The presence of an OS is clearly not optional, as there are many examples of retinal disease in which the photoreceptor cell dies shortly after loss of the OS.51–53 Why loss of the OS triggers rod cell death is not obvious, since all of the required cellular organelles inhabit the IS and cell body; the OS appears devoid of organelles. The necessity to maintain an OS is further surprising since photoreceptors continually replace all the OS components. In fact, the renewal of rod cell OS components is perhaps more readily seen in the photoreceptor than in any other cell in the body. The disc and plasma membrane components of the OS are completely replaced within 2 weeks.54,55 To support this turnover there is an influx of newly synthesized proteins and lipids from the IS. These components are transported to the base of the OS, and from there discs gradually migrate towards the RPE for phagocytosis and recycling. One idea is that the high oxygen tension coming from the choroidal vasculature may interfere with the cellular machinery in the IS and nucleus of the photoreceptor, and the presence of the OS puts a protective distance between the choroid and the photoreceptor nuclei.56
Although it is known that new discs are formed at the base of the OS, the process by which these discs are formed is not fully resolved (Fig. 14.2). One model was described in the work of Anderson et al. (model 1).57,58 Based on morphologic studies of adult monkey rods, it was observed that the folded membrane stacks at the base of the OS are continuous with the plasma membrane of the connecting cilium, whereas the older discs are closed off and separated from the plasma membrane.

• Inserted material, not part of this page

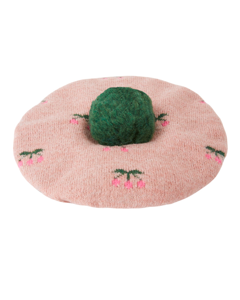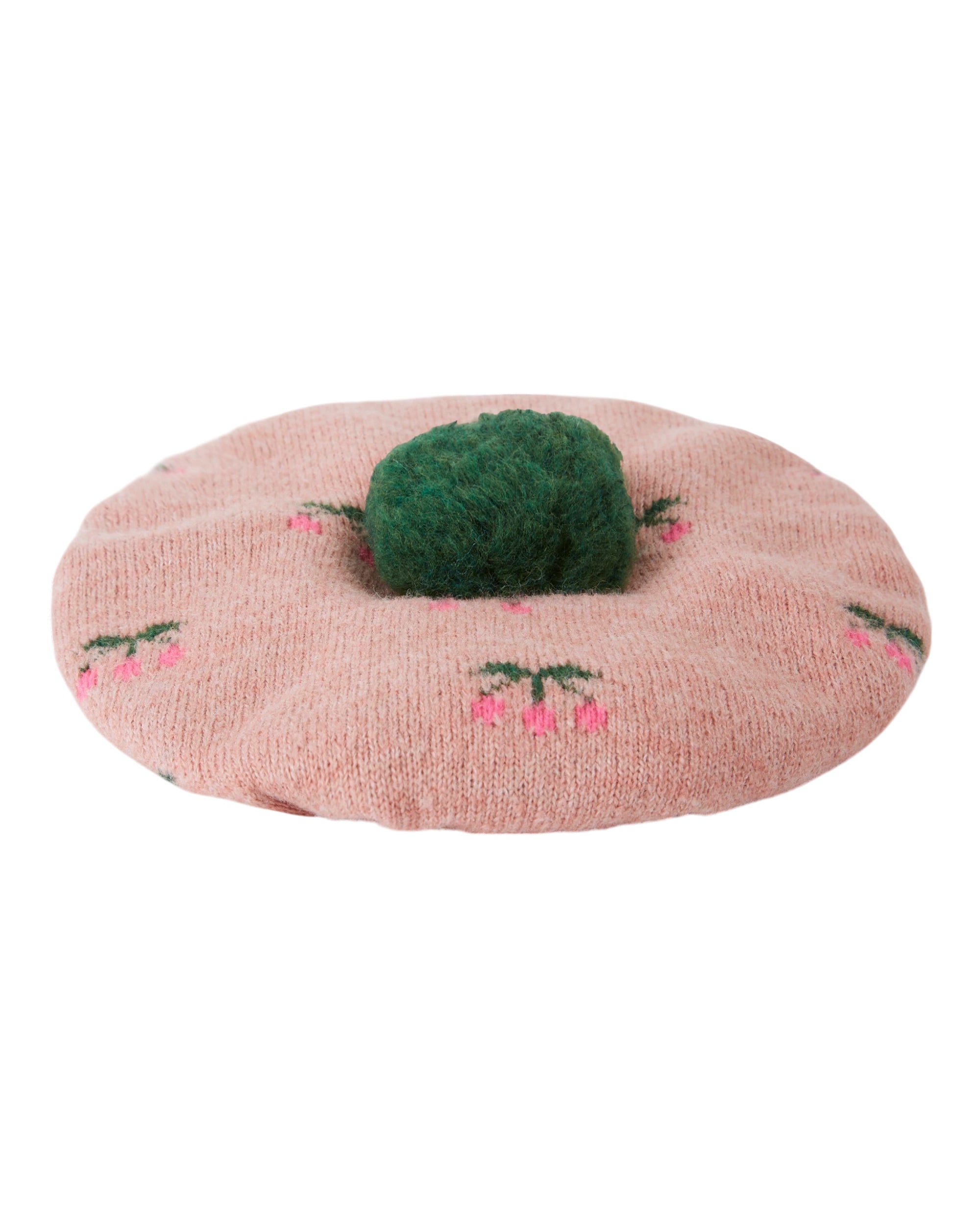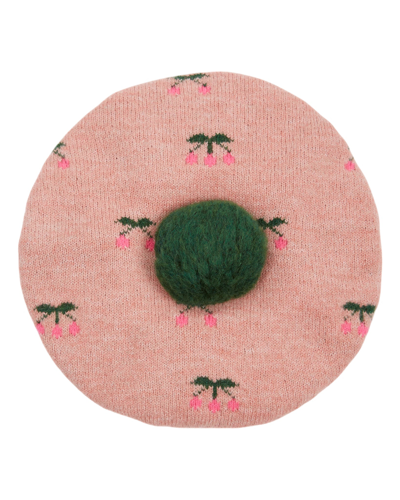 Add a splash of whimsy to your wardrobe with this playful pink pompom beret. Crafted from a cozy wool blend with unbleached synthetic fibers, it’s knitted in a soft jersey stitch for a comfortable feel. Delightful cherries are cleverly woven into the fabric using the expert Monsieur Jacquard technique, bringing a charming twist to classic style. The big blue pompom at the center adds a fun pop of color, while the elasticized base ensures a snug, secure fit all day long. Perfect for brightening up any outfit with a touch of cheerful elegance.

From this appearance a model was proposed that the newly arrived rhodopsin-bearing vesicles fuse with the plasma membrane, and the growing membrane evaginates to form open discs. Eventually these discs pinch off and form the mature closed discs. Another model (model 2), the vesicular targeting model, was recently proposed by Chuang and colleagues.59 They provide molecular evidence that rhodopsin’s carboxyl terminus interacts with a protein called SARA (smad anchor for receptor activation), as well as phosphatidylinositol 3-phosphate (PI3P), and syntaxin 3. In their model, the new discs are already closed and enveloped by the OS plasma membrane. Their evidence suggests that the protein–protein and protein–lipid interactions organized by SARA regulate the vesicular targeting of axonemal rhodopsin-bearing vesicles to the newly formed discs. Thus the discs grow by fusing with the rhodopsin-bearing vesicles and not from the evaginated plasma membrane. This model is more consistent with the morphology of their experimental model system, the mouse rods, which do not display open discs at the base of the OS.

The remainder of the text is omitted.